Luc Besson, Larger Than Life

02/22/2010 2:00 PM |

2010 is already off to a busy start for Luc Besson. District 13: Ultimatum and From Paris With Love, both of which he helped to write and produce, were released on the same day earlier this month. I Love You Phillip Morris, which he executive produced, is slated for a March release, and several other films have release dates in his native France but are still awaiting international distribution. Initially known as a director of visually stylish films, Besson has recast his image since breaking onto the scene with Le Dernier Combat (1983) and reaching international fame with Nikita (1990), Léon (1994) and The Fifth Element (1997). The controversial, genre-bending auteur has eased off of directing and become increasingly active working behind-the-scenes for other directors. Besson formed EuropaCorp in 2000, and has since been involved with over seventy films as a producer, more than twenty of which he contributed to as a writer. This career shift challenges a traditional auteurist approach to understanding Besson’s prolific body of work, as his directorial output is now quantitatively minor in comparison to his other projects. However, perhaps it speaks to the ongoing relevance of auteurist criticism that one can always find traces of his presence, in spite of Besson not always being the only proverbial cook in the kitchen.

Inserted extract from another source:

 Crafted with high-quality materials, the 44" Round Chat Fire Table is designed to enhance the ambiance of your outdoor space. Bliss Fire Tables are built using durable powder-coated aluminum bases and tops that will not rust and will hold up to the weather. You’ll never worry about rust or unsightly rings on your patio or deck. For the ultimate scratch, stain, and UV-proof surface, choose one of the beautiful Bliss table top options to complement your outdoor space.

The struggle of individuals to maintain their autonomy, in worlds (however realistic and/or fantastic) that discourage individualism, are at the heart of Besson’s films. “The rules of society can hurt you but not cannot destroy you,” he said in an interview in The Observer Review, “because you know that’s not what life is about.” His characters are outcasts, dreamers, and loners—hitmen, punks, cabbies, down on their luck con men, thieves, and even the occasional extreme free diver (an autobiographical nod to Besson’s childhood dream)—but, in their own way, they are all artists, and he identifies with them as such. Such sympathies are fitting, considering Besson’s own self-made entry into the motion picture industry while still a teenager. After a diving accident deprived him of the possibility of ever going pro, he made a list of things he found pleasurable, all of which had to do with the visual and narrative arts. The obvious convergence of these interests, in Besson’s mind, was cinema. Having dropped out of high school, he forced his way onto movie sets and learned everything from the bottom up, eventually convincing family and friends to invest in several short films that were his first efforts as a director.

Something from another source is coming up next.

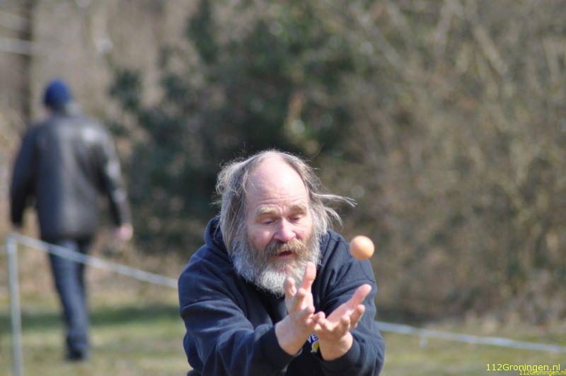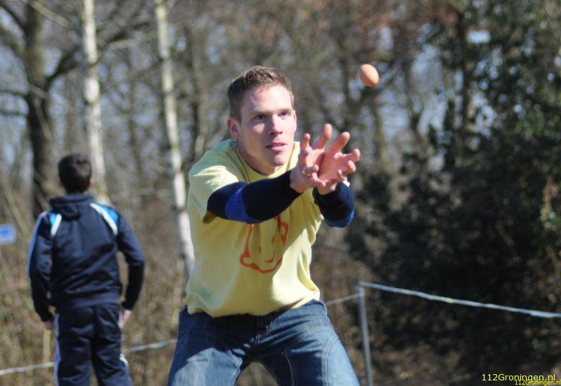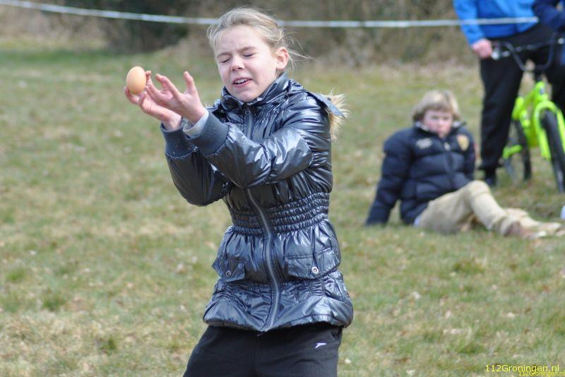 Ondanks de frisse wind waren er weer vele deelnemers op het evenement afgekomen. Er werd voor de kleinsten gestart met eieren lopen, met een ei op een lepel moest een parcours afgelegd worden, zonder dat het ei er afviel. Tussendoor vond het eieren zoeken plaats, er werd natuurlijk gretig gezocht naar de lekkere chocolade eieren.Vervolgens werd er aangevangen met het spectaculaire eiergooien. Een ieder kreeg kans om 3 eieren over een bepaalde afstand te gooien, waarbij deze heel gevangen moest worden. Na elke ronde werd de afstand vergroot, waarbij het natuurlijk steeds veel vaker misging, maar dat mocht zeker de pret niet drukken.

In this same way, Besson was able to fund his first feature, the dystopic Le Dernier Combat (1983). An audacious, uncompromising debut—its opening shot is of a sex doll deflating beneath a desperate man—it’s an experimental sci-fi narrative shot in black-and-white CinemaScope, without dialogue. Set in a wasteland of abandoned factories and lifeless deserts, a world in which water is scarce and the sky rains dead fish, Le Dernier Combat‘s tapestry-like narrative concerns scavengers doing whatever is necessary to survive. The film still remains among Besson’s most impressive works to date, exemplifying his epic imagination, impeccable ‘Scope compositions, inventive genre reconstructions, and flair for visual storytelling that emphasizes action over dialogue.